Однажды художник писал мой портрет. Он сказал:
– Я хочу поймать ваш рот… Молчите… Это важно…
– Рот важнее глаз, да? – спросила я.
– Ртом труднее врать, – ответил он, – Глазами можно научиться, а ртом очень сложно. Эту часть лица человек не контролирует.
Но тут на львовском кладбище мое внимание из тысячи могил привлекли две, и именно нос, а не рот и глаза рассказали мне все то, что я могла узнать у каменного изваяния и бледного керамического рисунка. Почему ж? Да и что я знаю об этой девушке на портрете?
Ее зовут Дарья Терлицкая – такое имя выбито на белой дощечке снизу под фотографией. Ого… Она родилась в тысяча девятьсот четырнадцатом году, сто лет назад, за три года до октябрьской революции, а умерла в тысяча девятьсот тридцать втором. Она прожила всего восемнадцать лет. В голову сразу лезут мысли о самоубийстве… Но разве не могла она умереть от болезни? Безусловно внезапной, ведь на фото у нее – пышущий вид. Что еще я знаю о ней или, вернее, какие сведения могу извлечь из ее молчаливого надгробья?
Итак… Ее родители похоронены в том же склепе. Мать – Евгения Терлицкая, пережила свою дочь на целых тридцать лет и умерла в шестьдесят втором году. Скорее всего, в одиночестве. Ведь она пережила и отца Дарьи – Омеляна, который умер в пятьдесят восьмом году. На месте его фото – круглая пустая дырка. Фотографию либо отбили, либо она сама отвалилась. А вот фотография матери тут, на плите с боку. Ее седые волосы, как и у дочери, уложены волнами. Нос у нее немного длинней, но и в нем чувствуется воля. Наверное, вот так выглядела бы Дарья, доживи она до ее лет.

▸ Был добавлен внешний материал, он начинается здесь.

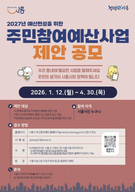 [»çȸ] "¿ì¸® µ¿³×¿¡ ²À ÇÊ¿äÇÑ »ç¾÷Àº?" ½ÃÈï½Ã, ÁÖ¹ÎÂü¿©¿¹»ê Á¦¾È»ç¾÷ °ø¸ð |2026. 01.15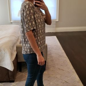 This is a gorgeous top with a stunning print. Beautiful color combination. Back slit. No size tag but fits like a medium. Brand new in perfect condition. Tags attached from a retailer. Purchased for $40+ tax. Buy it here for a fraction of the price I paid! Please let me know if you have any questions or would like to see additional images. Comes from a smoke and pet free environment.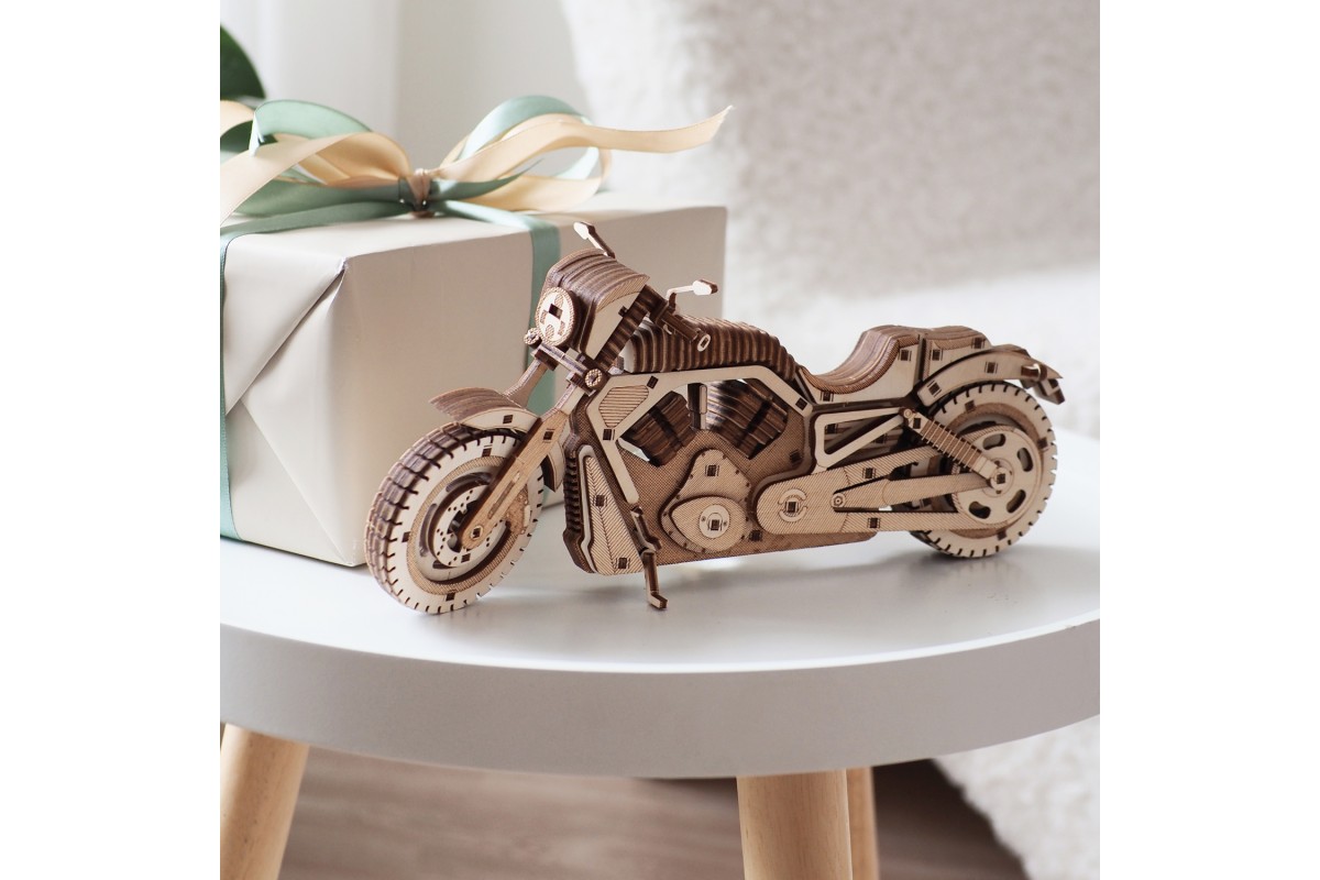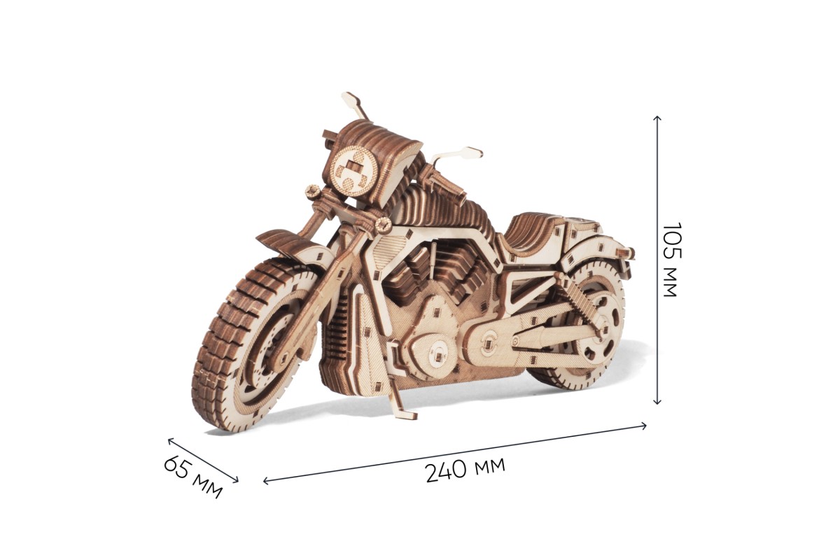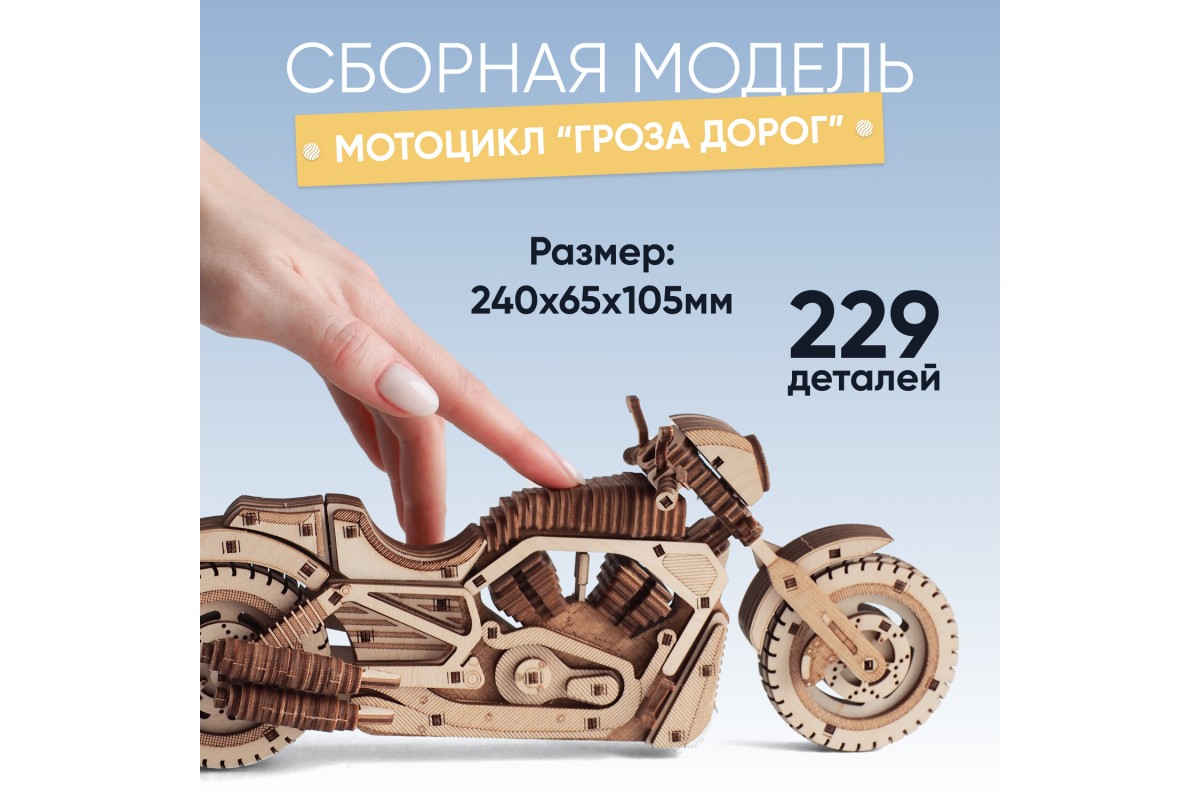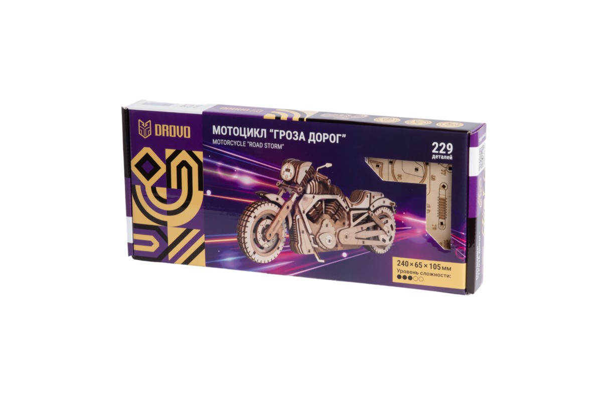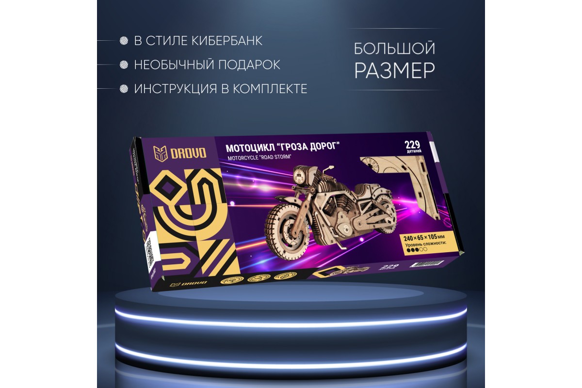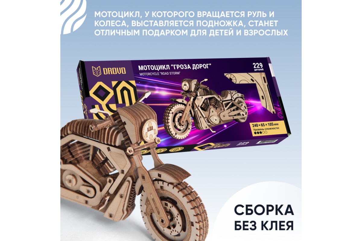 Деревянный конструктор DROVO Мотоцикл "Гроза дорог" - прекрасный подарок для ребенка и взрослого человека, который любит собирать автомобили и другую технику, на любой праздник.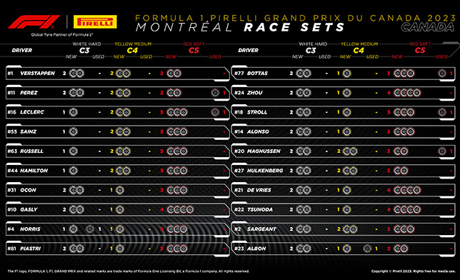 Перед стартом Гран При Канады пресс-служба Pirelli опубликовала информацию об оставшихся у гонщиков комплектах шин.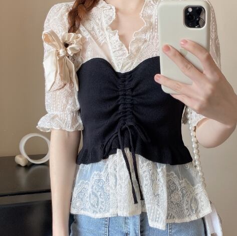 ビスチェを重ね着しているようなデザインのレースブラウス♪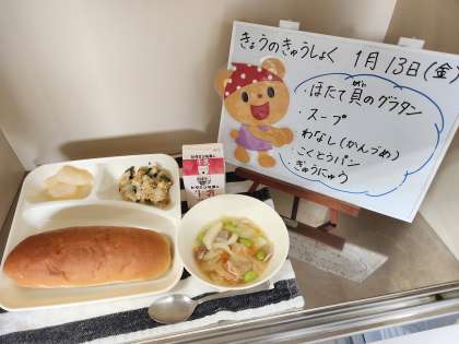 今日の給食は、ほたて貝のグラタン、スープ、和なし(缶詰)、黒糖パン、牛乳です。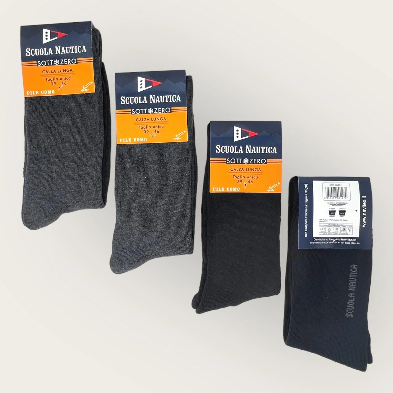 Scuola Nautica – Calza Lunga Uomo (pacco Da 4) In Pile Caldo E Morbido Tinta Unita Art. Sn231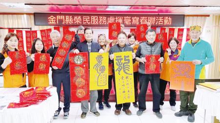 金門縣榮民服務處辦理揮毫寫春聯活動。該活動係與行政院金馬聯合服務中心共同舉辦。於1月18日上午假榮服處五樓會議室辦理。活動邀請有將軍書法家鄭有諒和呂媽定兩位前處長,以及金門書法學會理事長徐心富,該會成員陳應德老師等,齊聚一堂揮毫寫春聯,準備將贈送給地區榮民眷,傳遞佳節祝福,也讓大家新年除舊佈新,一同感受過年的氣氛。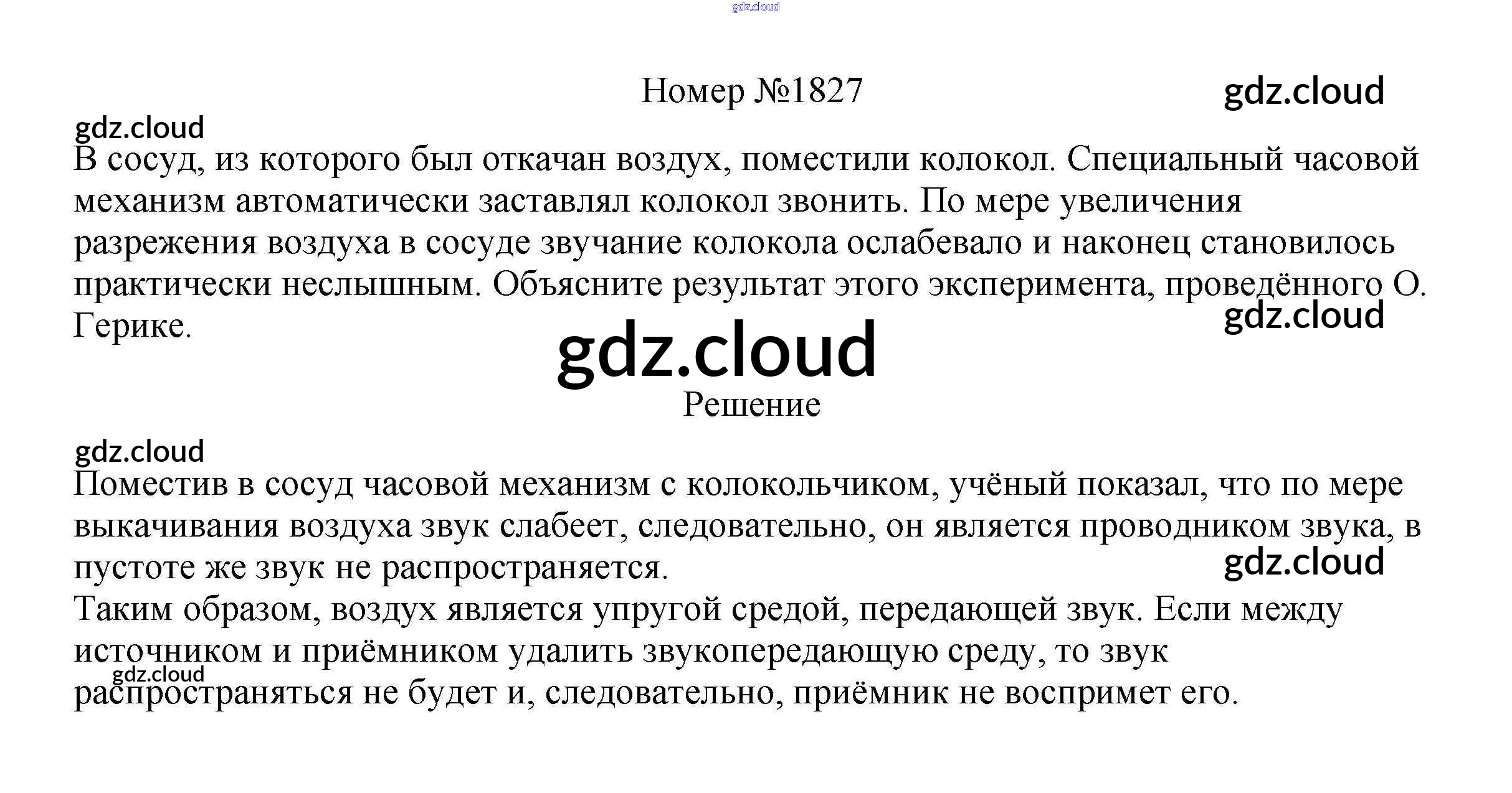 Ответ на задание 1827 Сборник вопросов и задач Физика за 7, 8, 9 (седьмой, восьмой, девятый) класс Марон, Позойский Вертикаль 2013

Других детей в семье Терлицких не было, иначе бы они тоже лежали в этом склепе. Конечно, братья и сестры Дарьи могли до сих доживать свои старые годы где-нибудь во Львове, но… Но я же вижу, что за могилой никто не смотрит. И если б не вечнозеленый куст, торчащий из земли перед склепом, и не вьюн, обнимающий фасадную плиту, могила бы вообще казалось заброшенной. Но… что это?
Я перелезаю через ограду, ухватившись за ее мокрые колья рукой, и склоняюсь над кустом.
– Богдан, ты видел это? – оборачиваюсь к студенту, который все это время стоял у меня за спиной.
Студент наклоняется над кустом. На нем, запутавшись в зеленых ветвях, лежит букет хризантем, истлевший до того, что и гниль его стеблей превратилась в такое же достоинство, каким считается патина на металле. Видно, что по нему прошлись многолетние снега и дожди с грозами, а летнее солнце сушило его, и теперь на глаз невозможно определить, сколько времени он пролежал здесь – пять лет или десять? А кто принес его? Наверное, кто-то старый или случайный. Потому что только старики, помня кладбищенские традиции, дарят покойникам хризантемы, и только случайные прохожие кладут их на чужие могилы – это дешевые цветы, их не жалко отдать незнакомым покойникам. А своим покупают розы, чтобы показать, как сильно они по-прежнему любят их.
–Она убила себя, – поворачиваюсь к Богдану.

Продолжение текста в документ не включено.